MATERIAL SHOWN below:

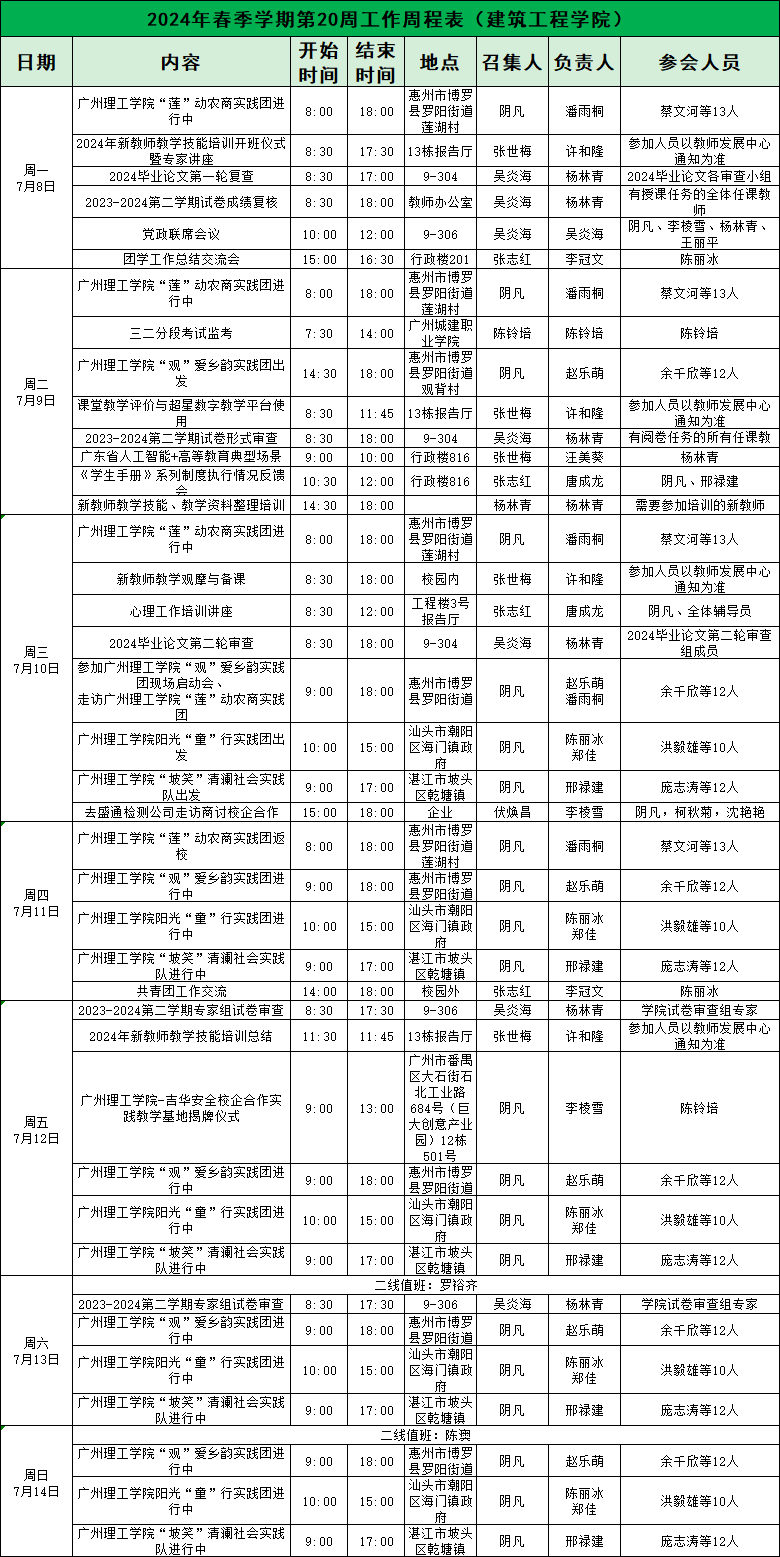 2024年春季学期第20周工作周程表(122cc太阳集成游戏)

End of MATERIAL SHOWN.
MATERIAL SHOWN below:

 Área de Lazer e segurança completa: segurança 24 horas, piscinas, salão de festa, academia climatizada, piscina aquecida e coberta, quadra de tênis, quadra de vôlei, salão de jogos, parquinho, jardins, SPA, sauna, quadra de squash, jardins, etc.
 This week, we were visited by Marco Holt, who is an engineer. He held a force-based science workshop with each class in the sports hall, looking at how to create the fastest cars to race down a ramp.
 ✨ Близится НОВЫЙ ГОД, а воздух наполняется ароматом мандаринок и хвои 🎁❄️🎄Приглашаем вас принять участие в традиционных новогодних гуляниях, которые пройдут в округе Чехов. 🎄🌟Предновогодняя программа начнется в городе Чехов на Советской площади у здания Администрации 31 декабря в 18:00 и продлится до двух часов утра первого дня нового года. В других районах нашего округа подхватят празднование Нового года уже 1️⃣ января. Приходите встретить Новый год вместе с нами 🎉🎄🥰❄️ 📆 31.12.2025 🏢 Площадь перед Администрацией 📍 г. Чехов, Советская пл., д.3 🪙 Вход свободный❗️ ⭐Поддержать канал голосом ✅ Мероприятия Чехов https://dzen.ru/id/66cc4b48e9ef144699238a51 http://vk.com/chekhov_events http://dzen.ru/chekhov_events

End of MATERIAL SHOWN.
MATERIAL SHOWN below:

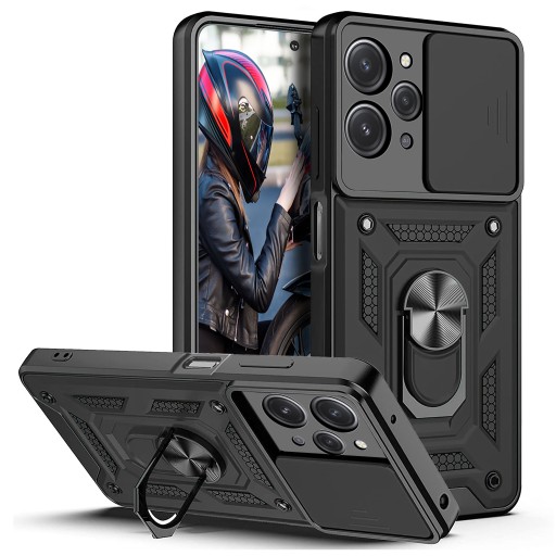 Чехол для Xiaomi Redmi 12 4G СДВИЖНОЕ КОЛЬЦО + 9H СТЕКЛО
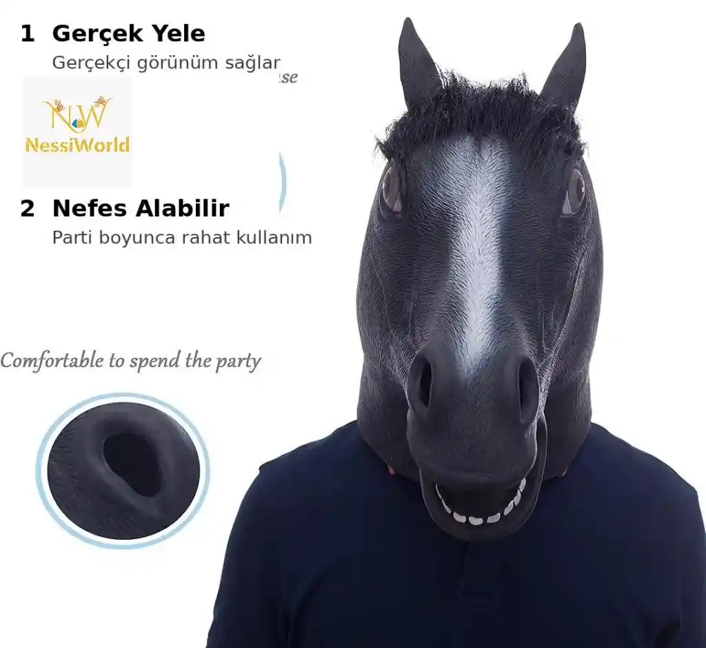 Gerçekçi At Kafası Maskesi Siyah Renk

End of MATERIAL SHOWN.

## WHAT TO WORK ON
Using the listing above, reproduce word for word every line from the one containing "Чехол для Xiaomi" through the one containing "Gerçekçi At Kafası Maskesi Siyah Renk". Pictures must be left out.

## OUTPUT FOR THIS EXERCISE
 Чехол для Xiaomi Redmi 12 4G СДВИЖНОЕ КОЛЬЦО + 9H СТЕКЛО
 Gerçekçi At Kafası Maskesi Siyah Renk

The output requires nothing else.